__PROMPT__. Begin with the line containing "Vattenfärgspumpor med rosa", end with the last line of the records, and retype everything in between exactly, without the pictures.
-=-=-
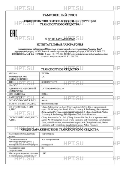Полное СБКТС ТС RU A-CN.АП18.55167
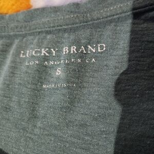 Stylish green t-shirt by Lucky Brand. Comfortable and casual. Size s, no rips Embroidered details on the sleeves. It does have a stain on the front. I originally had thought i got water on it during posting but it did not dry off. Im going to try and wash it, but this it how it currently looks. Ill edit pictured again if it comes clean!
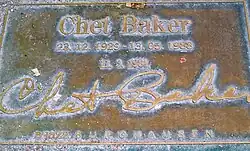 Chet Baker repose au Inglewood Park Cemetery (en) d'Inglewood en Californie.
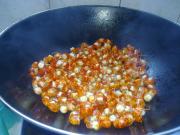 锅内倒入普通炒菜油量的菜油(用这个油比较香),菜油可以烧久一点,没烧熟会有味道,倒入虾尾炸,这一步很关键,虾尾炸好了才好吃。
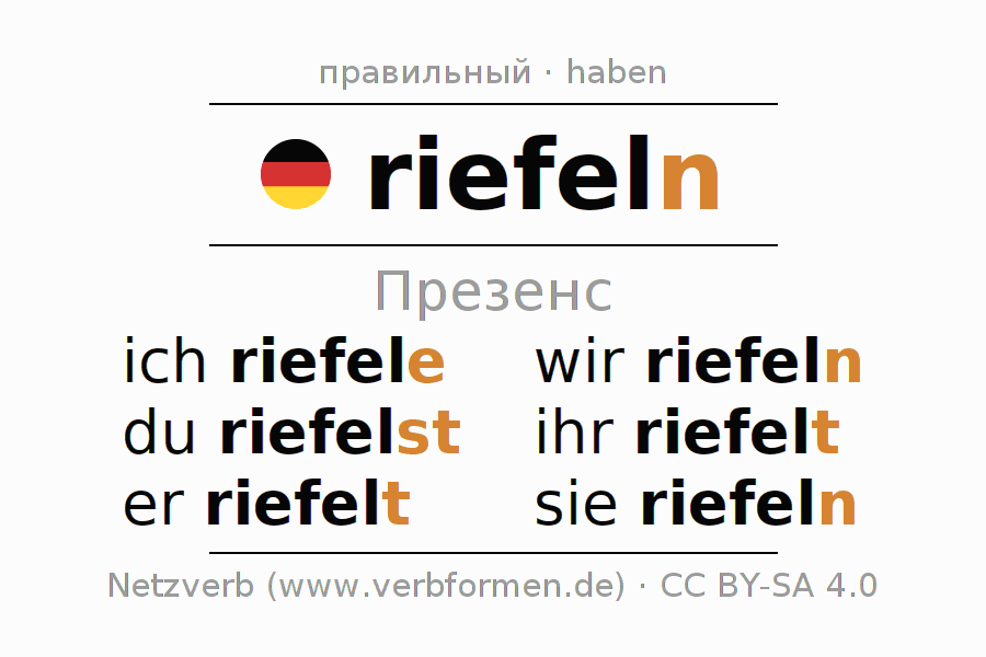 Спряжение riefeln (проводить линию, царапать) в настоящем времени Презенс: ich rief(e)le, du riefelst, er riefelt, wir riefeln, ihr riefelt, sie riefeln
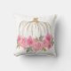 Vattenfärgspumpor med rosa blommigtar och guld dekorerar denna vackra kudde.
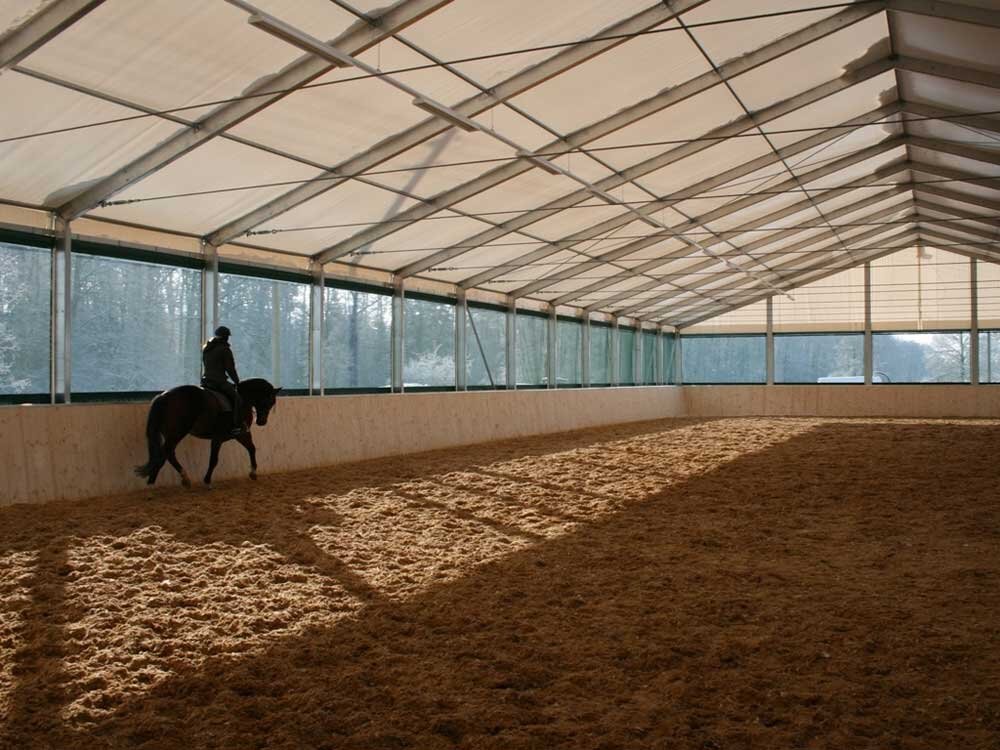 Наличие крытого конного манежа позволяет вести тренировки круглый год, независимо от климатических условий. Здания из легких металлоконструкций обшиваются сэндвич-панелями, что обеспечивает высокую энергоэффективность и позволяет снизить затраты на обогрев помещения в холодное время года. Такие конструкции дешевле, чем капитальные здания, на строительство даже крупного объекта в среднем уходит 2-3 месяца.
-=-=-
__SOLUTION TO THIS PROBLEM__.
 Vattenfärgspumpor med rosa blommigtar och guld dekorerar denna vackra kudde.
 Наличие крытого конного манежа позволяет вести тренировки круглый год, независимо от климатических условий. Здания из легких металлоконструкций обшиваются сэндвич-панелями, что обеспечивает высокую энергоэффективность и позволяет снизить затраты на обогрев помещения в холодное время года. Такие конструкции дешевле, чем капитальные здания, на строительство даже крупного объекта в среднем уходит 2-3 месяца.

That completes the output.